Yes, but we generalize and boldly make statements about what we can  
directly see, and find that these are supported by further  
experiments or not, and possibly revise our statements. I *think* we  
want to be able to capture such statements on the semantic web, no?

> Yes, exactly. A uniprot record defines a class of proteins  
> extensionally. This
> means, antibodies to the proteins described by OPSD_HUMAN (for  
> example).

Well, if I tell my agent to go order some OPSD_HUMAN from Invitrogen,  
what will you expect to get back. Or do you deny that I will want to  
use identifiers such as this for this kind of purpose.

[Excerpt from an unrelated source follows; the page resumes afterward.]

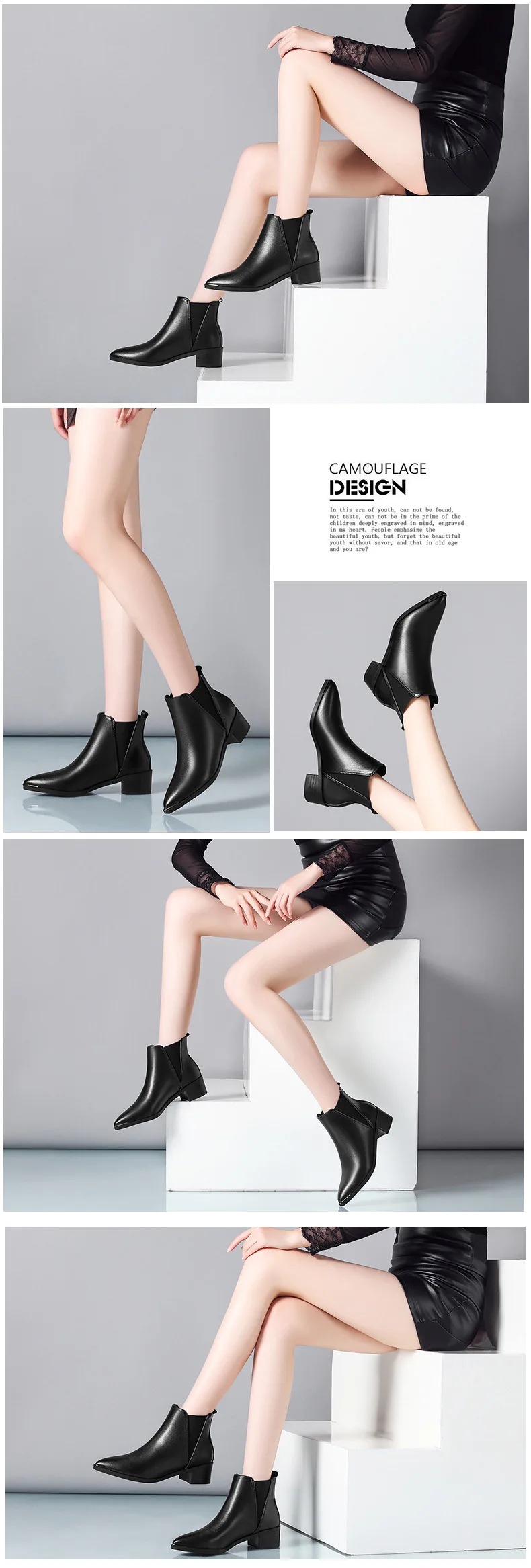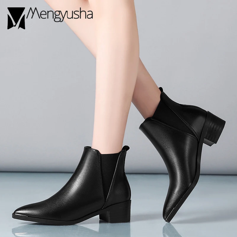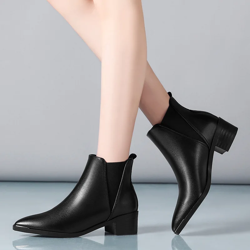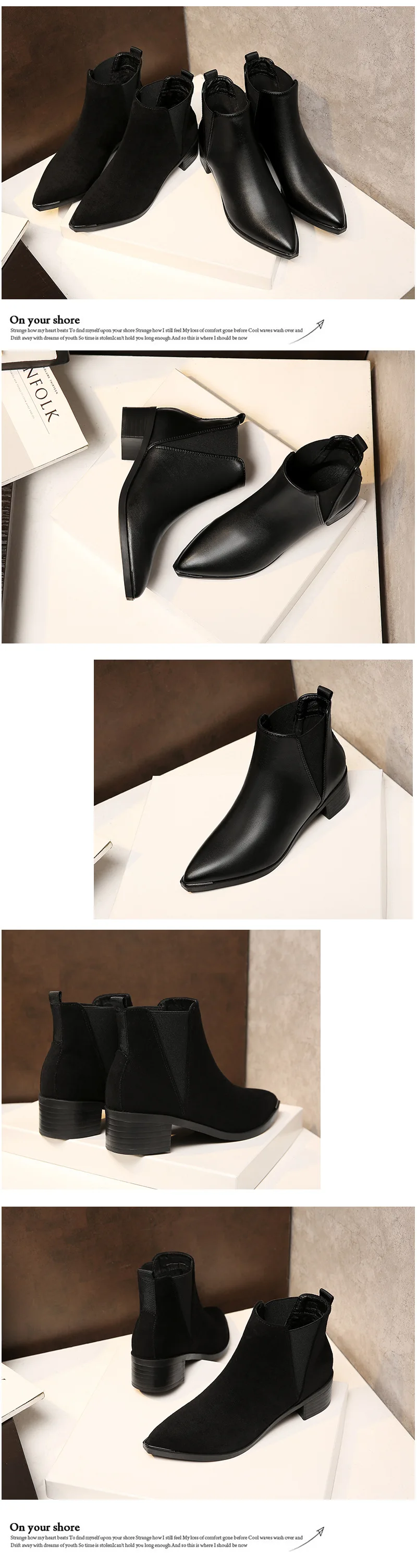 Pointed Toe Chelsea Boots Woman Short Ankle Botines Solid Leather Goth Botas Women Stretch Snow Motorcycle Booties Winter Shoe

> <snip in the interest of brevity>

> If we have the ability to express "the class of protein molecules  
> defined by the swissprot record OPSD_HUMAN"
> then I think we have all we need.

That would be a good start. How will we see if we've succeeded? I  
have some ideas, like picking two people who work in the field,  
asking them to describe what the set of proteins are that are  
described by the swissprot record OPSD_HUMAN, and then comparing what  
they say. How would you know when we've succeeded at this?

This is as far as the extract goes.